Manchmal werde diese Reise dorthin unangenehm oder unbequem, aber er hoffe, dass dieser „Othello“ das Publikum zu dieser Reise inspirieren kann. „Ich kann mein Bestes geben, um so viele Menschen wie möglich zu erreichen, indem ich einfach sage: ‚Hey, weißt du was, ich bin der erste Farbige, den du je auf der Bühne gesehen hast – und ich spreche Deutsch.‘“

Vorschau auf Herr Puntila und sein Knecht Matti am Landestheater Niederösterreich
Alexi Pelekanos
Bertolt Brecht über seine 1940/41 entstandene Parabel: „Über den Puntila kann ich fast alles schreiben, über den Krieg nichts“

Nächste Premiere: „Herr Puntila und sein Knecht Matti“

"Wir zeigen Euch heute Abend hier, ein gewisses vorzeitliches Tier … auf deutsch ‚Gutsbesitzer‘ genannt.“ Eine wahre Geschichte, erzählt von seiner Gastgeberin im finnischen Exil, inspirierte Bertolt Brecht 1940 zu seinem märchenhaften Volksstück. Der reiche Bauer Puntila ist im betrunkenen Zustand ein geselliger Menschenfreund, aber während seiner „Anfälle von Nüchternheit“ mutiert er zum Tyrannen, der willkürlich sein Personal beschimpft oder entlässt. Puntilas Tochter Eva versucht, ihm den Alkohol zu verbieten, und wird dadurch ebenfalls zum Spielball seiner despotischen Eskapaden. Als Puntila sie zu einer Heirat zwingen will, inszeniert sie mit dem Chauffeur Matti ein vorgebliches Liebesverhältnis, das die Herrschaftsverhältnisse auf dem Gutshof noch zuspitzt.

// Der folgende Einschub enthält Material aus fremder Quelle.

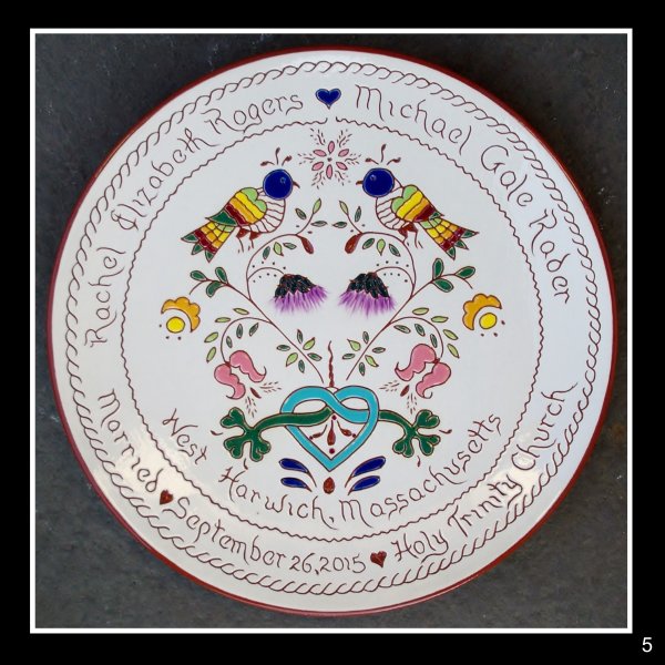 Celebrate weddings, births, anniversaries or any significant life event as well as home blessings and family trees with my Sgraffito Redware plates.
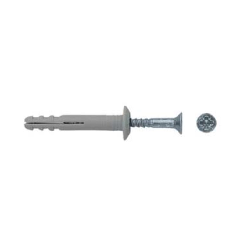 Ø mm.6x40 vite ø mm.3,5x46 tassello nylon con testa larga ø mm.13 fornito con vite a chiodo premontata in acciaio zincocromato Categoria merceologica: Fissaggio - Ferramenta - Tasselli vari
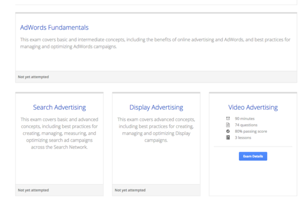 The following exams focus on testing your knowledge on creating, managing, measuring, and optimizing specific advertising campaigns:
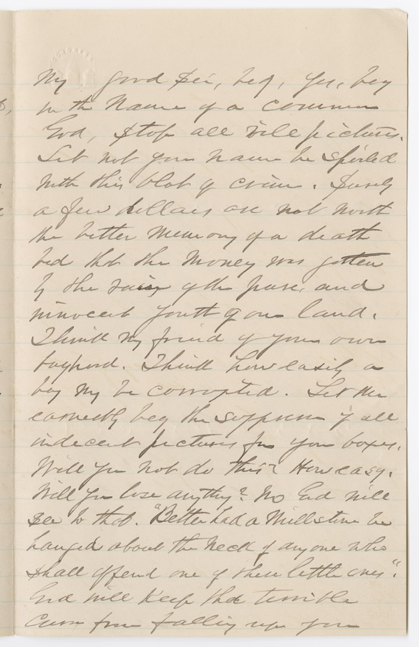 Letter from John T. Wightman to Richard Harvey Wright, January 3, 1888: Electronic Edition. Author: Wightman, John T. Wright, Richard Harvey, 1851-1929 Funder: Funding by the Institute of Museum of Library Services (IMLS) and the federal Library Services and Technology Act (LSTA), with support provided through North Carolina ECHO. Transcription Information: Text transcribed by: Barbara Post Images scanned by: Digital Production Center Text encoded by: Katherine M. Wisser Transcription Edition: Edition: First edition, Date: 2006 Publication Information: Publisher: Duke University Libraries Date: 2006 Availability: ©This work is the property of the Duke University Libraries. It may be used freely by individuals for research, teaching, and personal use as long as this statement of availability is included in the text. Source Information: Title: Letter from John T. Wightman to Richard Harvey Wright, January 3, 1888 Author: John T. Wightman Date: 18880103 Note: A Baltimore clergyman, John T. Wightman expresses his disapproval about the photographs packaged in cigarette boxes and the evil the cigarette cards are doing to youth. Wightman begs Richard Harvey wright to end the packaging of "vile pictures" in Lone Jack cigarettes. P: Richard Harvey Wright Papers, 1870-1952, David M. Rubenstein Rare Book & Manuscript Library, Duke University. Library of Congress Subject Headings: Class: Cigarette industry -- North Carolina -- 19th century Class: Cigarette cards -- North Carolina -- Durham -- 19th century Class: Lone Jack Cigarette Company (Lynchburg, Va.) Class: Tobacco industry -- North Carolina -- Durham -- 19th century Class: Ethics Class: Correspondence Class: Durham (N.C.) -- History Class: Wightman, John T. Class: Wright, Richard Harvey, 1851-1929 Class: Durham (N.C.) Class: Baltimore (Md.) Class: Lynchburg (Va.)
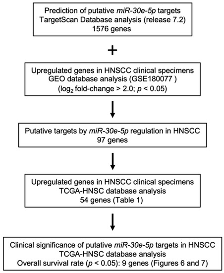 To identify genes modulated by miR-30e-5p that were closely involved in HNSCC molecular pathogenesis, we performed in silico database analyses combined with our gene expression data. We created new gene expression data using clinical specimens of hypopharyngeal squamous cell carcinoma (HSCC). Three HSCC tissues, three normal hypopharyngeal tissues, and two cervical lymph nodes harvested from one HSCC patient who underwent surgical resection at Chiba University Hospital were subjected to Agilent whole genome microarrays. In this study, we compared gene expressions in cancer tissues with those in normal tissues. The clinical information of this patient was summarized in Table S1. Expression data were deposited in the GEO database (accession number: GSE180077). Our selection strategy is shown in Figure 5.
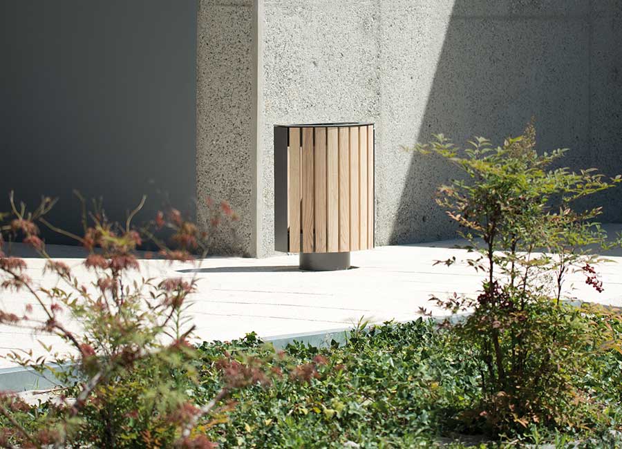 Le produit BAMBOU | Corbeille 50L du fabricant Area mobilier urbain classé dans la catégorie Equipements tertiaires et professionnels > Mobilier urbain et espaces verts > Poubelles - cendriers est référencé dans la Matériauthèque digitale Materiaux.archi.
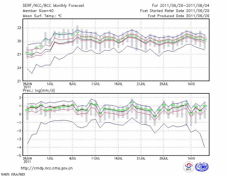 南 京 (LAT:32.00 LON:118.80) 2011-06-26        预测
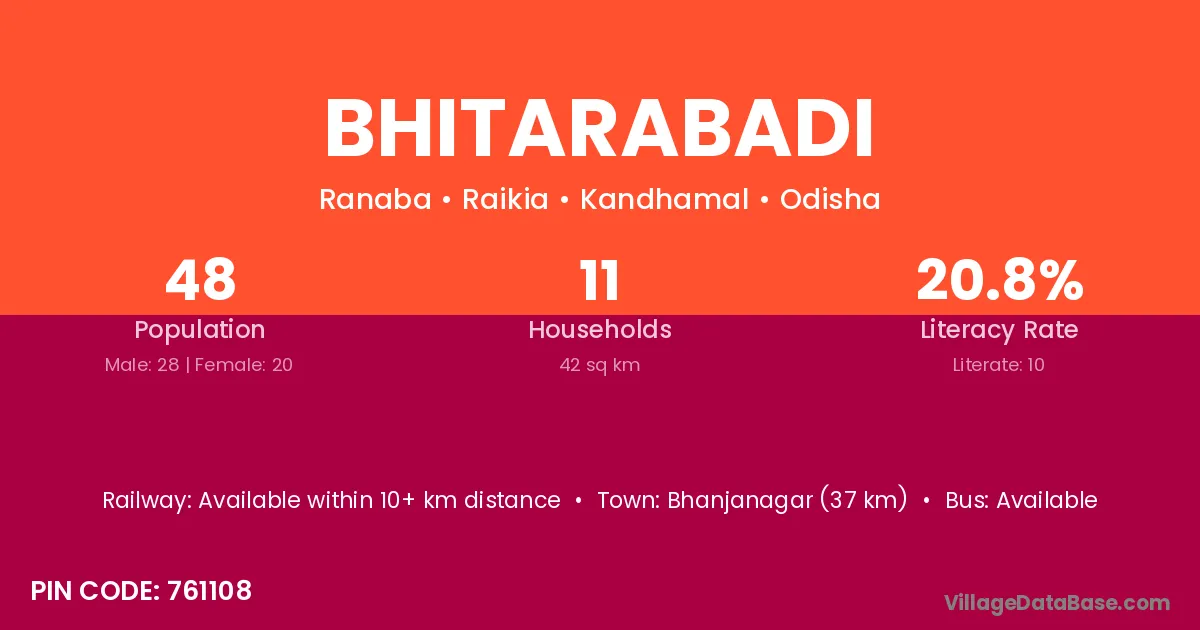 Bhanjanagar (37 km) is the nearest town to Bhitarabadi village for major economic activities and is located approximately 37 km away.

Die Wirren des Zweiten Weltkriegs stets im Bewusstsein und finnische Birkenwälder vor Augen verfasste Bertolt Brecht seine komödienhafte Parabel: „Über den Puntila kann ich fast alles schreiben, über den Krieg nichts“ notierte er in sein Tagebuch. Die von dem Philosophen Hegel beschriebene dialektische Abhängigkeit von Herrn und Knecht führt nach Brechts Interpretation zu einer gemeinsamen Verantwortung aller Beteiligten für eine gerechtere Gesellschaft.

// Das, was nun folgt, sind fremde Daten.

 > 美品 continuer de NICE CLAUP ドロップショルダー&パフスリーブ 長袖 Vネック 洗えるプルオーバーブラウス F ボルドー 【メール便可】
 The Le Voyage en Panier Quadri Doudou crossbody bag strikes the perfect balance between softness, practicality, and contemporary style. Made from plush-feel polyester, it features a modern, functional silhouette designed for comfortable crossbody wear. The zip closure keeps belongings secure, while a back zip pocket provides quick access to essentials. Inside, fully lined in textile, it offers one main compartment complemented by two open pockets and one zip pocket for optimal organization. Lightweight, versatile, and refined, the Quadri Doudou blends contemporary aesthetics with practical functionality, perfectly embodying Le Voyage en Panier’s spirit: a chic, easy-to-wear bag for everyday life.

In der Tradition von Brechts Theaterpraxis inszeniert die Regisseurin und Schauspielerin Ruth Brauer-Kvam mit viel szenischem Humor und Live-Musik eine lustvolle Selbstermächtigung der Figuren, Premiere ist am 26. November. In der letzten Spielzeit brachte sie mit großem Erfolg bei Publikum und Presse „Molieres Schule der Frauen“ auf die Bühne des Landestheaters Niederösterreich. Es spielen Tobias Artner, Tim Breyvogel, Marthe Lola Deutschmann, Philip Leonhard Kelz, Laura Laufenberg, Tilman Rose, Michael Scherff und Milos Todorovski. Das Leading Team besteht aus Ruth Brauer-Kvam (Regie), Monika Rovan (Bühne), Ursula Gaisböck (Kostüme) und Kyrre Kvam (Musikalische Leitung).